On the Cornwall coast you find the inevitable mix of local goods combined with tourist memorabilia and every item of beach-ware you could possibly need. If you're looking for a bucket and spade you won't struggle, but for a full weekend of retail therapy, Cornwall is not exactly the worlds leading destination. That said, when you look around, there are some good boutiques and galleries and the small towns draw in high-end independent shops, rather than commercial, high-street giants. The result is quaint stores ideal for browsing and you'll find the time flying by as you wander around in the relaxed atmosphere that these settlements provide. Many places are specialist stores that offer something unique and well crafted, so if there is something very particular you need, this might be the place to search it out. For quality without the glare of big-name stores, Cornwall is a good spot, just make sure you don't waste all your time in the cheap beach-hut shops.

Things to Do

Tourism is Cornwall's biggest industry and, while in the summer it can somewhat overwhelm the charm of smaller villages, it is merely testament to the numerous attractions on this picturesque peninsula.

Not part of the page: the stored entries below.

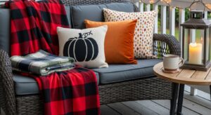 If your porch has space, add a small bench or rocking chair. Drape it with plaid blankets and decorative pillows to create a spot that’s both festive and inviting.
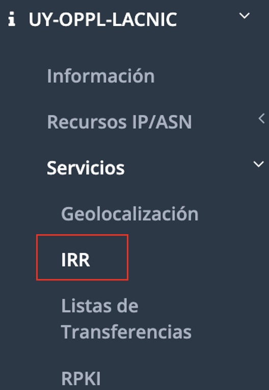 Desde el menú contextual de la organización en la opción [Servicios/ IRR]: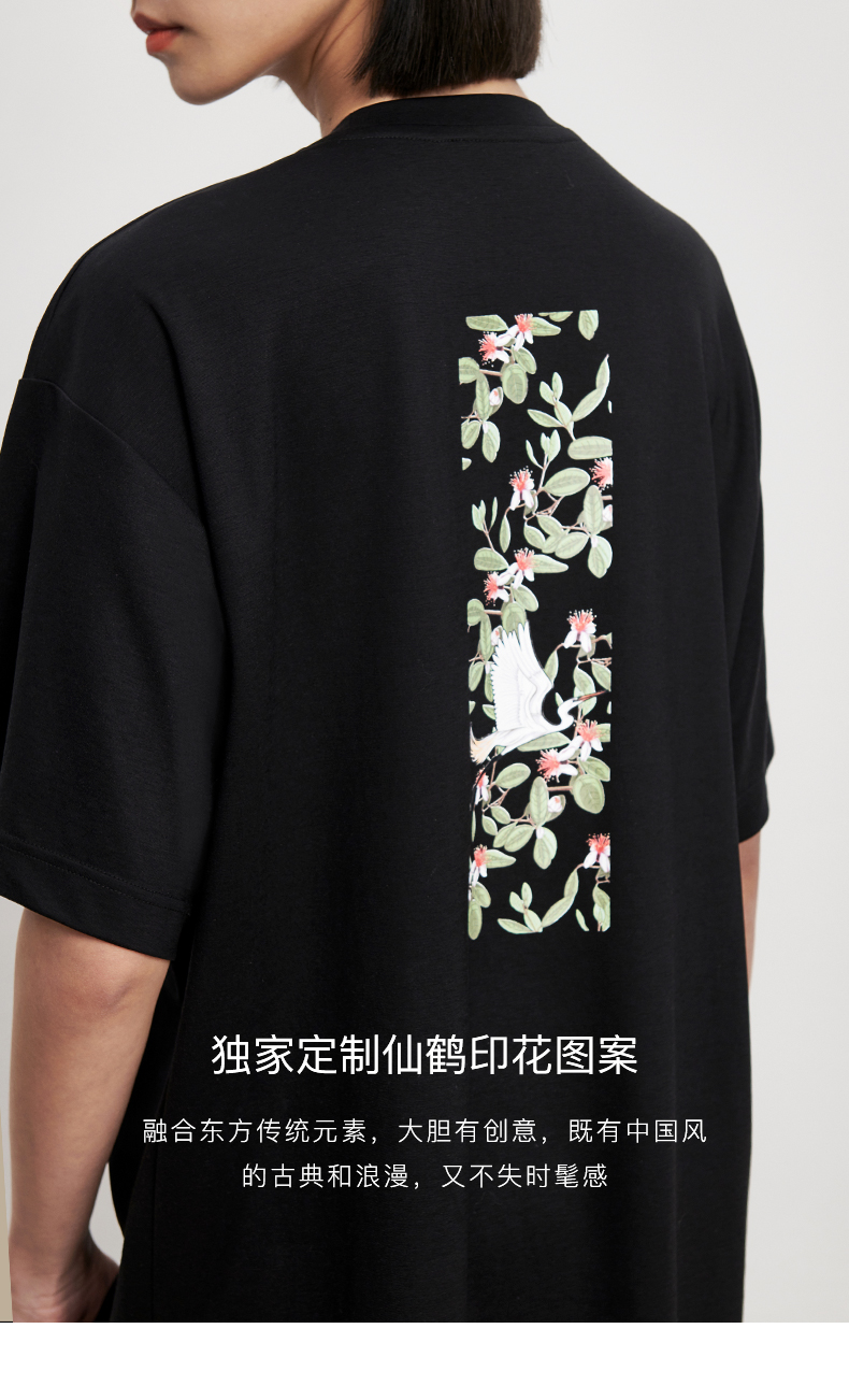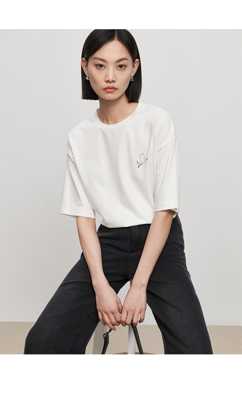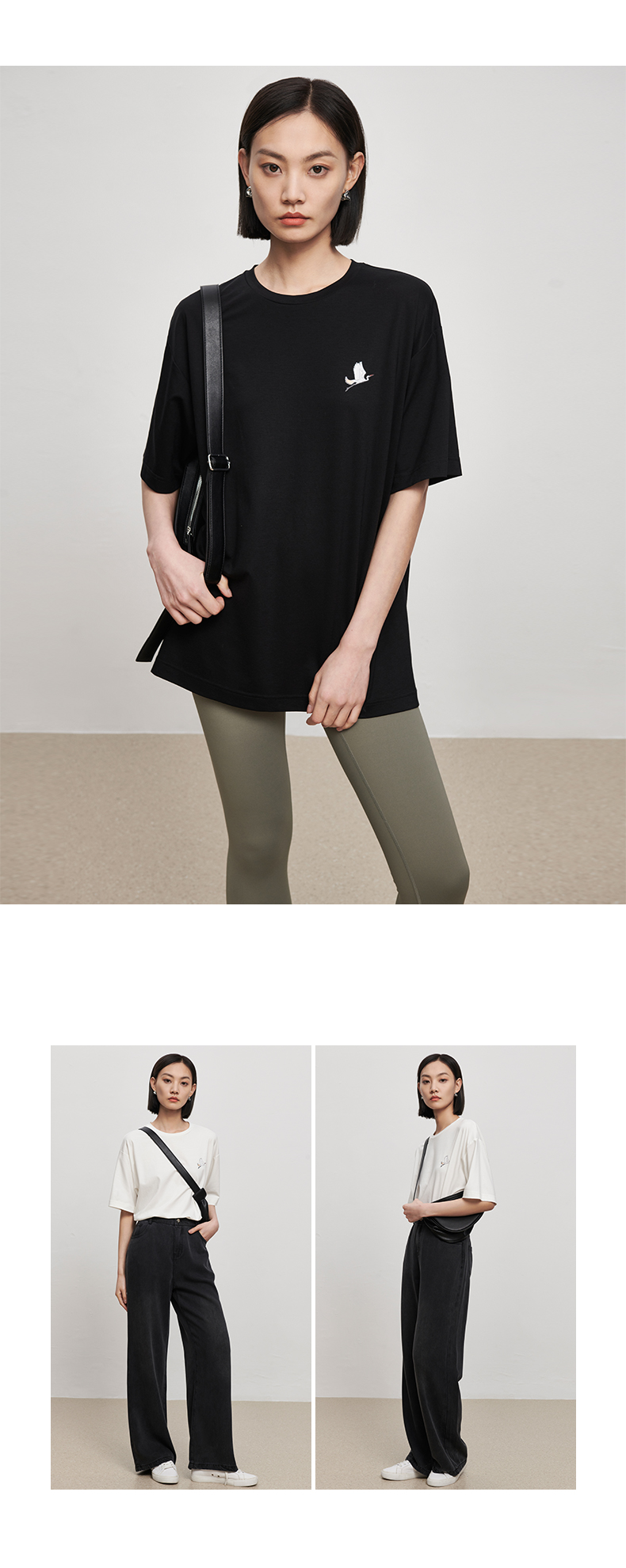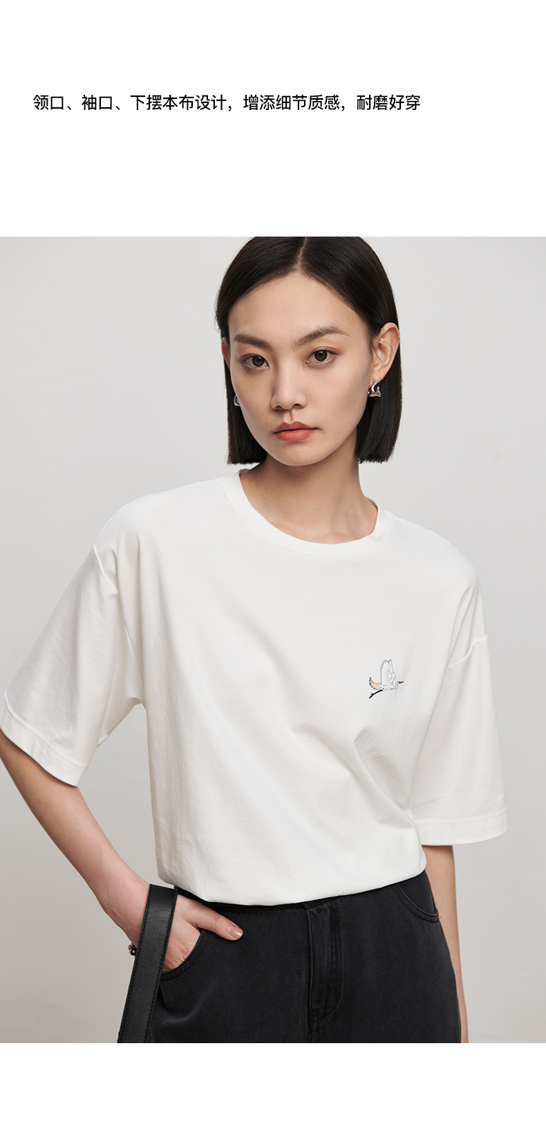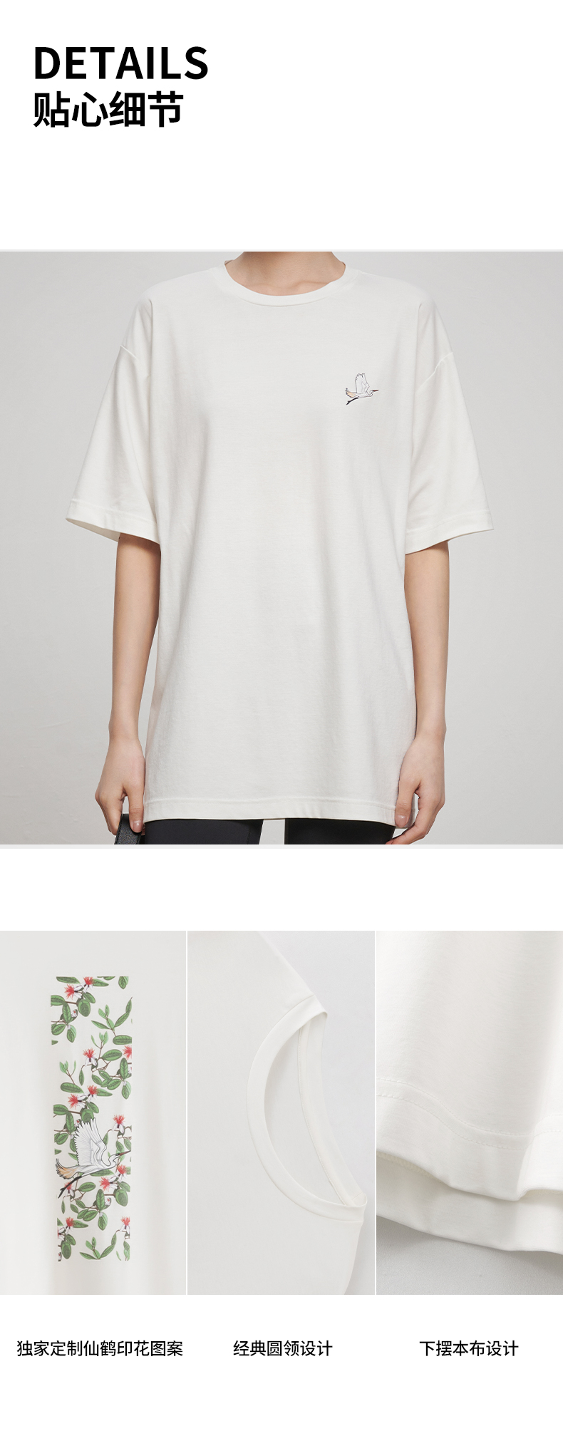 IN AND ON53309夏新款落肩短袖宽松T恤女简约休闲桑蚕丝仙鹤印花上衣女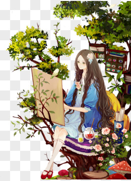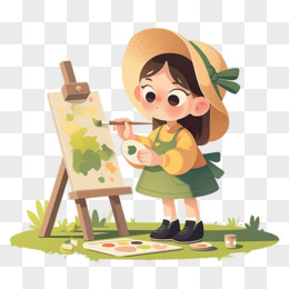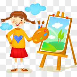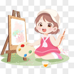 卡通画画的女孩免抠元素

For most, of course, the coastline is the destination, the county proud to call itself the chief surfing centre of the UK. The best way to reach the quietest spots is along the South West Coast Path that takes in the truly jaw dropping scenery of cliffs, moorland and beaches. Beyond this famous coastline is a mix of towns and villages that host sites of interest, ranging from the National Maritime Museum and the Tate St. Ives to the Newquay Zoo and the high-profile Eden Project. From Penzance you can also take a ferry out to the Isles of Scilly, a spectacular cluster of islands that offer the perfect getaway from the crowds.